SizeOfGT represents the size in bytes that a GT element need in binary form

Variables ¶

This section is empty.

Functions ¶

This section is empty.

Types ¶

type E12 ¶

type E12 struct {
	C0, C1 E6
}

E12 is a degree two finite field extension of fp6

func BatchDecompressKarabina ¶ added in v0.8.0

func BatchDecompressKarabina(x []E12) []E12

BatchDecompressKarabina multiple Karabina's cyclotomic square results if g3 != 0

g4 = (E * g5^2 + 3 * g1^2 - 2 * g2)/4g3

if g3 == 0

g4 = 2g1g5/g2

if g3=g2=0 then g4=g5=g1=0 and g0=1 (x=1) Theorem 3.1 is well-defined for all x in Gϕₙ\{1}

Divisions by 4g3 or g2 is batched using Montgomery batch inverse

func BatchDecompressTorus ¶ added in v0.8.0

func BatchDecompressTorus(x []E6) ([]E12, error)

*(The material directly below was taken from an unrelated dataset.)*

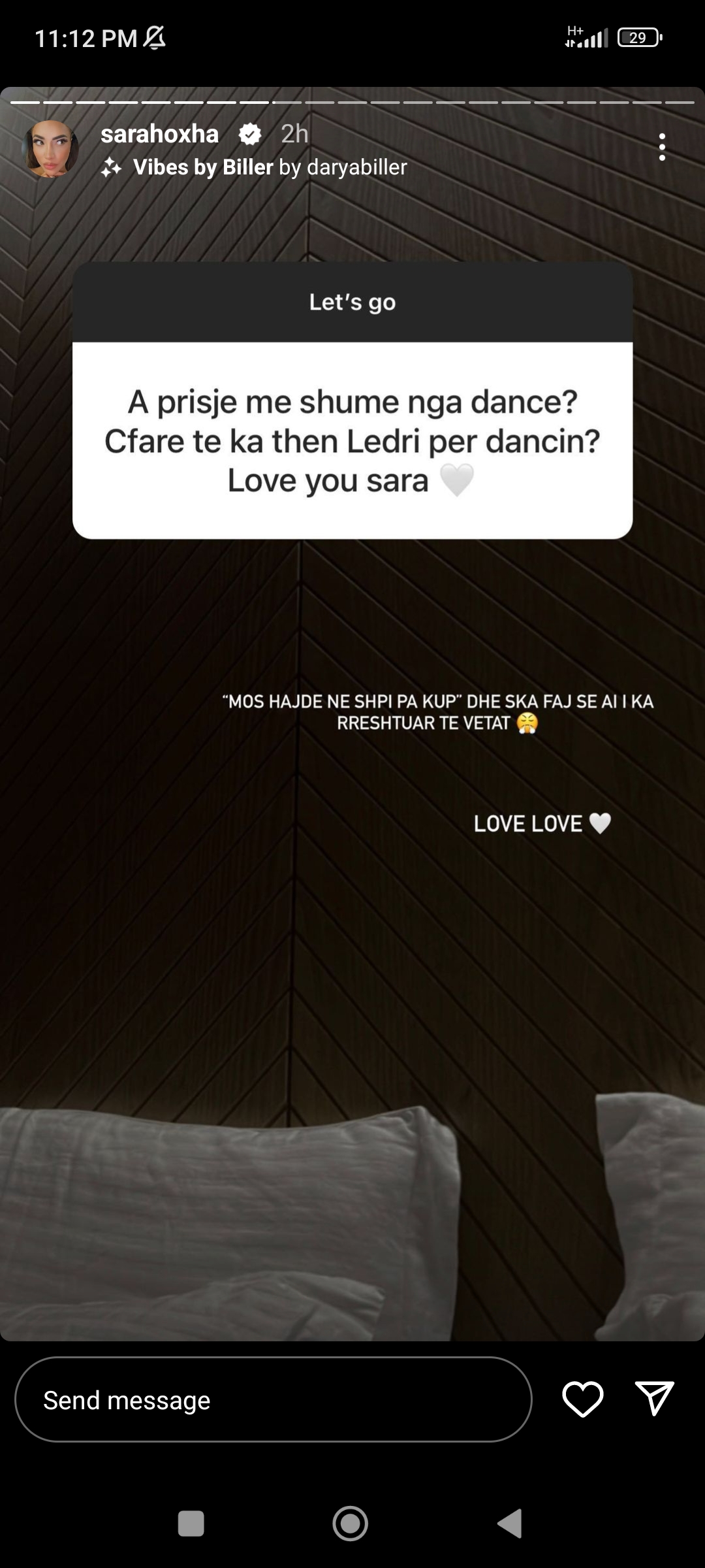 “‘Mos hajde ne shpi pa kup’ dhe ska faj se ai i ka rreshtuar te vetat. Love love“- shkroi blogerja.
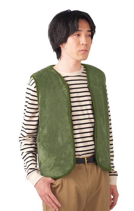 【旧来ご提供単価469円】 ルームウェアやワンマイルウェアにぴったり。ふんわりリッチな手ざわりのボアベストです。

BatchDecompressTorus GT/E12 compressed elements using a batch inversion

func BatchInvertE12 ¶ added in v0.8.0

func BatchInvertE12(a []E12) []E12

BatchInvertE12 returns a new slice with every element inverted. Uses Montgomery batch inversion trick

if a[i] == 0, returns result[i] = a[i]

func (*E12) Add ¶

func (z *E12) Add(x, y *E12) *E12

Add set z=x+y in E12 and return z

func (*E12) Bytes ¶

func (z *E12) Bytes() (r [SizeOfGT]byte)

Bytes returns the regular (non montgomery) value of z as a big-endian byte array. z.C1.B2.A1 | z.C1.B2.A0 | z.C1.B1.A1 | ...

func (*E12) CompressTorus ¶ added in v0.8.0

func (z *E12) CompressTorus() (E6, error)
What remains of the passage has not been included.